Soil fauna and microorganisms act together during litter decay, increasing nutrient cycling and the ability of the soil to sustain plant growth, in natural as well as cropped systems (Levelle et al. 1993; Thirukkumaran et al. 2002).
Some authors point out that homogeneous agro-ecosystems may negatively affect litter decomposition compared to native vegetation (Louzada et al. 1997). These negative effects are related to decrease of litter heterogeneity and nutritional quality, forest microclimate and effects on activity and abundance of soil fauna. Despite the well-known influence of tree species on the decomposition of organic matter in soils, few studies have compared the mineralisation of litter from native and introduced species under the same environmental conditions, particularly in the temperate climate in southern Europe.

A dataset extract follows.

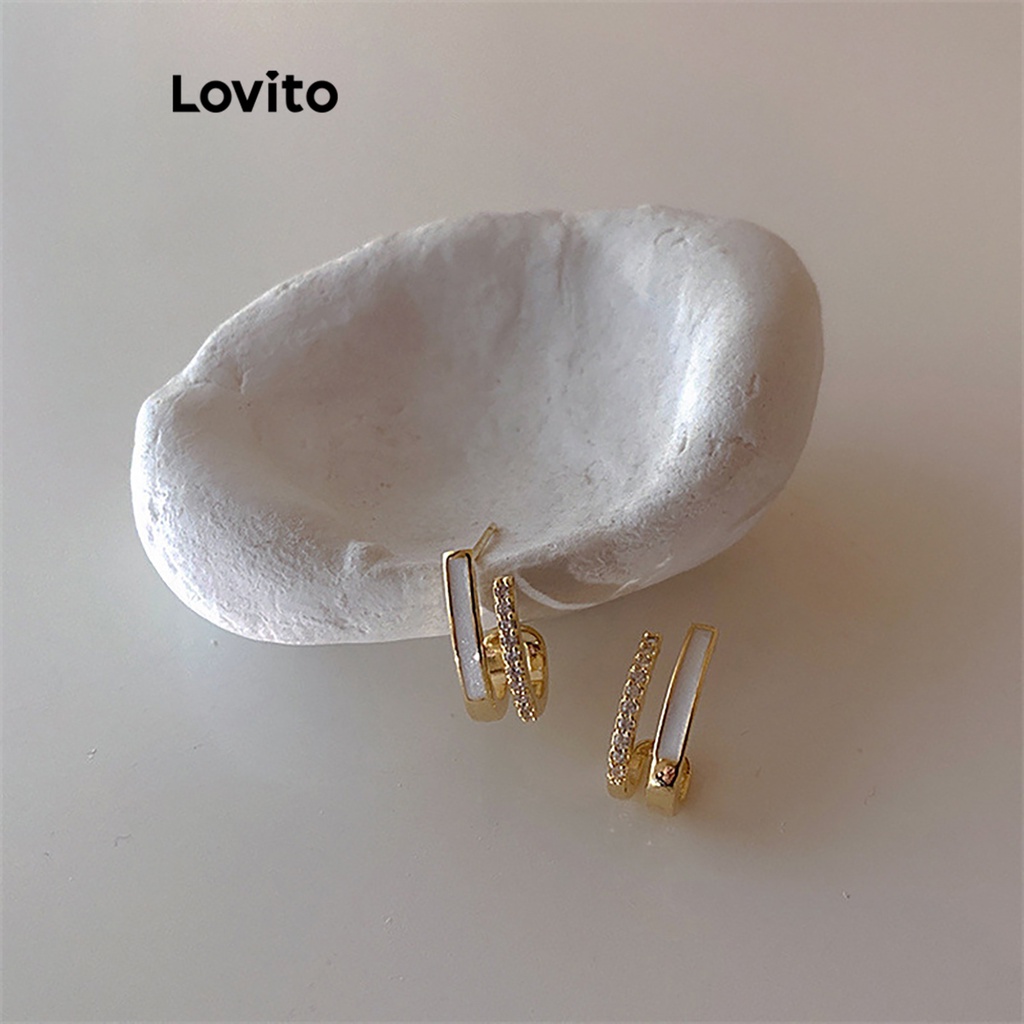 Lovito Brincos Casuais Brincos De Strass Lisos Para Mulheres LFA02079 (Ouro)

In Galicia, NW Spain, the main climax formation is a mixed deciduous forest in which Quercus robur is the dominant species. Eucalyptus and Pinus have been used as species for afforestation, especially during the 20th century. In particular Pinus radiata has spread remarkably in Galicia during recent decades, while Eucalyptus nitens was introduced some 20 years ago.

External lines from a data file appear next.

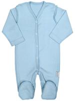 Комбинезон однотонный свободного кроя для новорожденных малышей. Выполнен из мягкого трикотажного полотна (интерлок). Модель с закрытыми носочками. Горловина, планка обработаны трикотажным кантом из основного полотна. Длинный втачной рукав, низ рукавов подвернут и прострочен двойной строчкой. Застёжка комбинезона выполнена в виде удобных кнопок по центру, по всей длине туловища, и по штанишкам. Штанишки с ластовицей. С лицевой стороны в боковом шве вшивной элемент. У размеров 50 и 56 низ рукавов закрыт варежками - антицарапками. У размера 56 рукав-реглан.Размер 50: длина - 43 см, обхват груди - 37 см, длина рукава (с учетом рукавички) - 20 см (без рукавички 16 см).
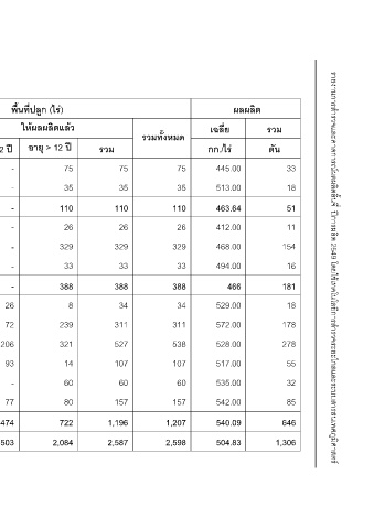 พื้นที่ปลูก (ไร) ใหผลผลิตแลว อายุ > 12 ป 75 35 110 26 329 33 388 8 239 321 14 60 80 722 2,084
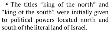 ”Från början syftade uttrycken nordens kung och söderns kung på politiska makter som låg norr och söder om landet Israel.” – Vakttornet, Studieupplagan, maj 2020, sid. 3 (sve. & eng.)
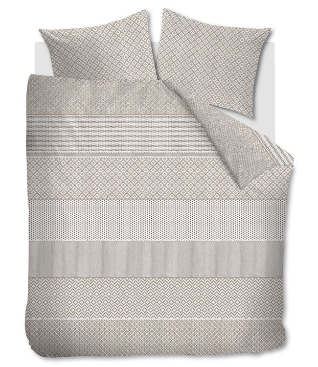 Het Rivièra Maison Francesco zand dekbedovertrek heeft een strak opgebouwd dessin van fijne grafische patronen in brede horizontale banen. De afwisseling van subtiele geometrische elementen geeft het ontwerp een moderne en ordelijke uitstraling. De zachte zandkleur zorgt voor een warme, rustige sfeer die perfect past binnen een stijlvol en tijdloos interieur. Ideaal voor wie een elegante en ontspannen ambiance in de slaapkamer wil creëren.

Natural soils in this region are acid and commonly poor in nutrients. For this reason, the input of nutrients from litter decomposition is crucial to maintain the productivity of Galician forest soils. The scant studies carried out in Spain comparing native and introduced tree species are somewhat contradictory. Some authors (Bará 1984) report a higher contribution of some macronutrients (K, Ca, Mg) to soil from eucalyptus litter compared to deciduous species or a faster turnover of eucalyptus leaves. In contrast, others (Lozano and Velasco 1981) report a higher nutrient deficit under eucalyptus vegetation compared to native species. Therefore, a further study of the mineralisation of litter from native and introduced tree species would help to clarify some of these contradictory findings, particularly in the early stages of this process, since, according to several authors (Sundarapandian and Swamy 1999; Thirukkumaran et al. 2000), nutrient release takes place mainly during the early stages of litter decomposition, when the tree species plays an essential role (Adams and Atiwill 1986; Zimmer 2002).
The objective of the present work is to study the first stages of decomposition and nutrient release from litter of various forest tree species, both native (Q. robur) and introduced (Pinus radiata and Eucaliptus nitens) in a temperate region. In addition, the possible influence of soil parent material on the decomposition process will be studied.
Materials and methods
The study sites were located in the province of Lugo (Galicia, Spain), between 43°00′ and 43°15′ N and 7°16′ and 7°50′ E, at an altitude between 440 and 640 m above sea level.
The area can be considered to have a cool Mediterranean climate, according to Papadakis (1966), with mild temperature and humid Mediterranean water regimes. The monthly mean temperatures range between 5.5°C and 18.6°C, with an average of 12°C. Annual rainfall is over 1,000 mm, with a minimum in summer. During the period in which this study was carried out (December 1997–June 1998), December was on average the coldest (7.5°C) and rainiest (179 mm) month, whereas June was the warmest (16°C) and driest (18 mm).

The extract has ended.